All of the listing must be given again exactly, except that the images are dropped.

* Exercise data *
******
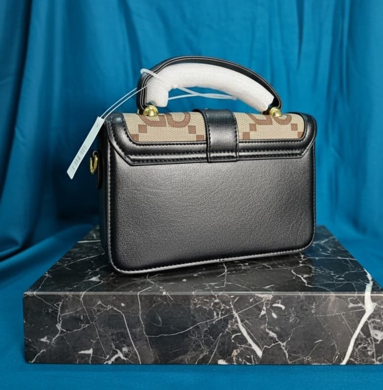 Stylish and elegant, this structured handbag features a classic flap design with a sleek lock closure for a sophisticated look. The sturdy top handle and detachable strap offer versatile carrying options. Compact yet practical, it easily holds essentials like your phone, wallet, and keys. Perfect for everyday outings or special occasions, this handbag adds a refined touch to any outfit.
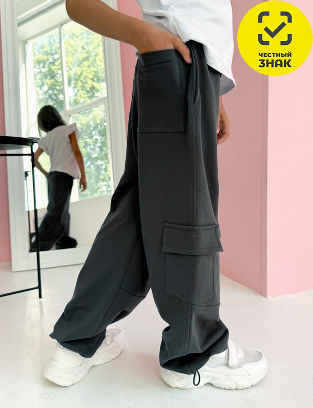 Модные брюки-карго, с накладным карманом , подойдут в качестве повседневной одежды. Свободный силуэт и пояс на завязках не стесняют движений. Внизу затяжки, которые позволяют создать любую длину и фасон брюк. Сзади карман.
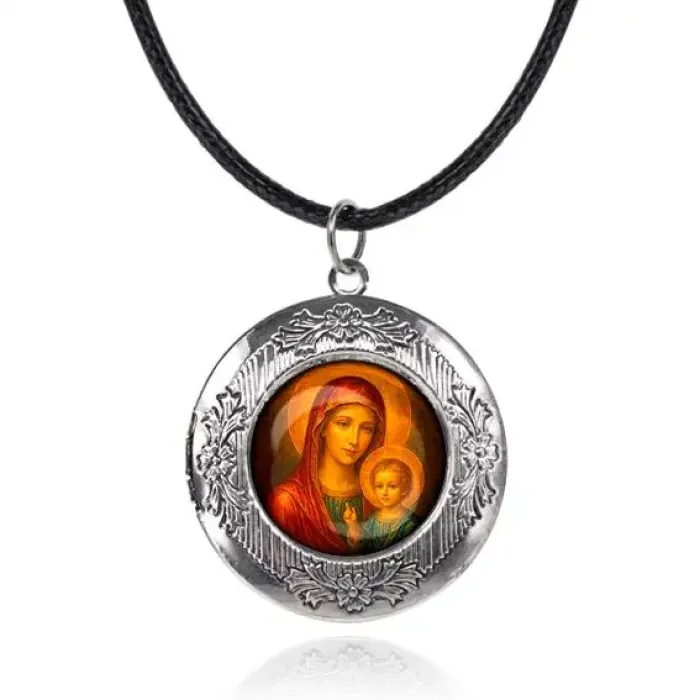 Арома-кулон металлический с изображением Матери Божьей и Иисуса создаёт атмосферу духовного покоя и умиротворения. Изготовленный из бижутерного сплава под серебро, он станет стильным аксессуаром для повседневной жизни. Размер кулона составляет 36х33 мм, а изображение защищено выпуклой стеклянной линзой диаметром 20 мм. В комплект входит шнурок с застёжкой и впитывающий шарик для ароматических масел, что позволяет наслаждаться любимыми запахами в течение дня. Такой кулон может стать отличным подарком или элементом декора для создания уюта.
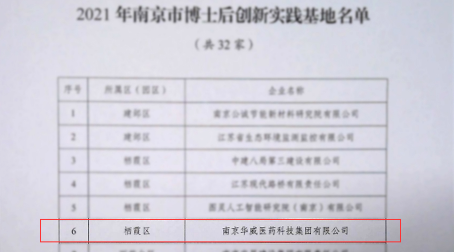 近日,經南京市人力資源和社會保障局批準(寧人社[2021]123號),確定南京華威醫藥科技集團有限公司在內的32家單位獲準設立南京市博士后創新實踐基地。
******
* The answer *
 Stylish and elegant, this structured handbag features a classic flap design with a sleek lock closure for a sophisticated look. The sturdy top handle and detachable strap offer versatile carrying options. Compact yet practical, it easily holds essentials like your phone, wallet, and keys. Perfect for everyday outings or special occasions, this handbag adds a refined touch to any outfit.
 Модные брюки-карго, с накладным карманом , подойдут в качестве повседневной одежды. Свободный силуэт и пояс на завязках не стесняют движений. Внизу затяжки, которые позволяют создать любую длину и фасон брюк. Сзади карман.
 Арома-кулон металлический с изображением Матери Божьей и Иисуса создаёт атмосферу духовного покоя и умиротворения. Изготовленный из бижутерного сплава под серебро, он станет стильным аксессуаром для повседневной жизни. Размер кулона составляет 36х33 мм, а изображение защищено выпуклой стеклянной линзой диаметром 20 мм. В комплект входит шнурок с застёжкой и впитывающий шарик для ароматических масел, что позволяет наслаждаться любимыми запахами в течение дня. Такой кулон может стать отличным подарком или элементом декора для создания уюта.
 近日,經南京市人力資源和社會保障局批準(寧人社[2021]123號),確定南京華威醫藥科技集團有限公司在內的32家單位獲準設立南京市博士后創新實踐基地。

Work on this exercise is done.